- DIRECTIONS FOR THIS TASK -
This exercise requires an exact output of the listing, images omitted.

[STORED DATA — start]

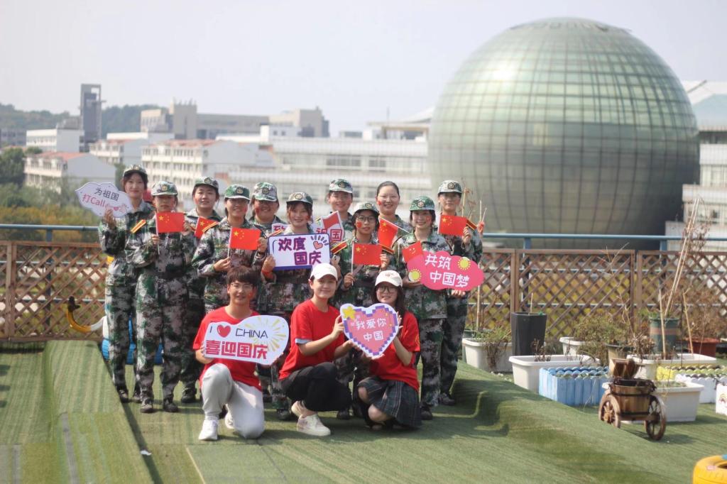 在精心装扮的学院耕读园一角,新生们挥舞着手摇国旗,举着祝福手牌,与国旗贴贴合照。新生们和国旗合照的大头贴拼凑成了偌大的“中国”两个字,表达对祖国的无限热爱。“中国”二字气势恢宏,彰显着中华人民共和国走过73年征程的强大力量;拼凑成“中国”二字的脸庞洋溢着青春的热情,预示着祖国欣欣向荣、蓬勃发展的光明未来。
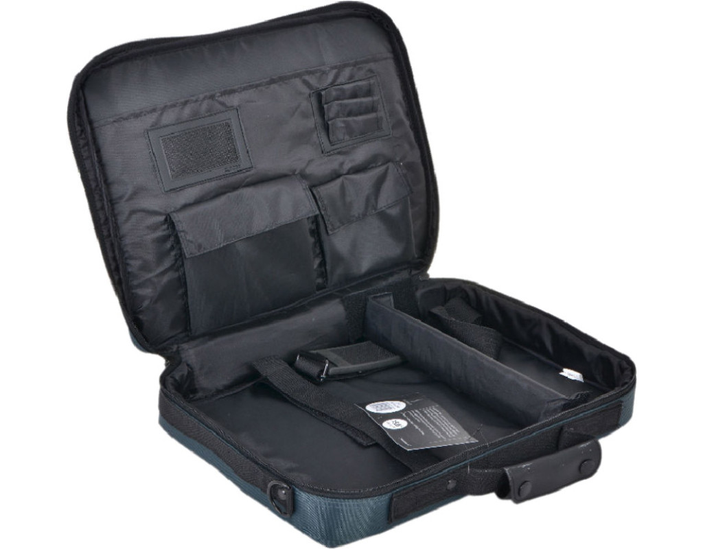 Сумка для ноутбука 15,4-16" у класичному дизайні. Робоче відділення для флешок, ручок, дисків, журналів і документації. Наскрізний задній кишеню для легкої фіксації сумки на телескопічній ручці багажної візки, також можна використовувати як відділення для документації. Передня кишеня для зарядки і мишки. Наявність м'якого регульованого знімного плечового ременя. Накладної задня кишеня з фіксацією на "липучці". Матеріал: міцний, водооталкивающий нейлон 420D. |
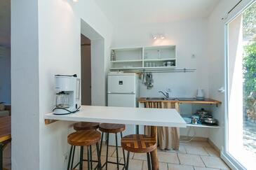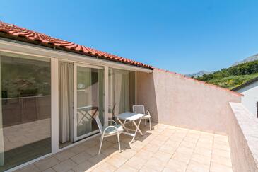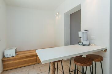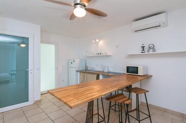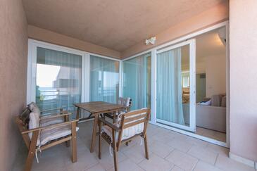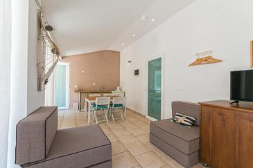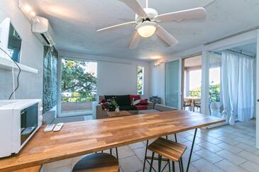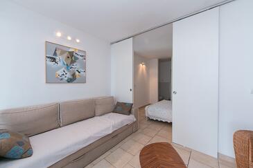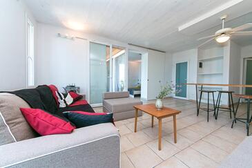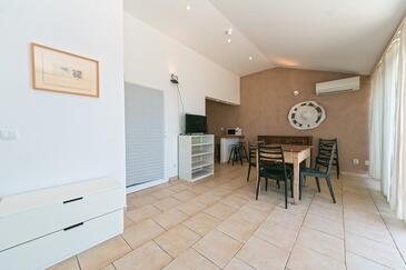 Az Apartman 6 főt tud fogadni. Az ágyak a/az 2 hálószobában, és a nappaliban/ben vannak, melynek méretei 58m2. A forró nyári estéket a vendégek saját teraszukon élvezhetik. Az apartmanból tengerre néző kilátás nyílik. A közös barbecue-helyet a vendég szabadon használhatja. A szállásegységbe lehetséges háziállatot hozni felár ellenében.

[STORED DATA — finish]

- SOLUTION FOR THIS TASK -
 在精心装扮的学院耕读园一角,新生们挥舞着手摇国旗,举着祝福手牌,与国旗贴贴合照。新生们和国旗合照的大头贴拼凑成了偌大的“中国”两个字,表达对祖国的无限热爱。“中国”二字气势恢宏,彰显着中华人民共和国走过73年征程的强大力量;拼凑成“中国”二字的脸庞洋溢着青春的热情,预示着祖国欣欣向荣、蓬勃发展的光明未来。
 Сумка для ноутбука 15,4-16" у класичному дизайні. Робоче відділення для флешок, ручок, дисків, журналів і документації. Наскрізний задній кишеню для легкої фіксації сумки на телескопічній ручці багажної візки, також можна використовувати як відділення для документації. Передня кишеня для зарядки і мишки. Наявність м'якого регульованого знімного плечового ременя. Накладної задня кишеня з фіксацією на "липучці". Матеріал: міцний, водооталкивающий нейлон 420D. |
 Az Apartman 6 főt tud fogadni. Az ágyak a/az 2 hálószobában, és a nappaliban/ben vannak, melynek méretei 58m2. A forró nyári estéket a vendégek saját teraszukon élvezhetik. Az apartmanból tengerre néző kilátás nyílik. A közös barbecue-helyet a vendég szabadon használhatja. A szállásegységbe lehetséges háziállatot hozni felár ellenében.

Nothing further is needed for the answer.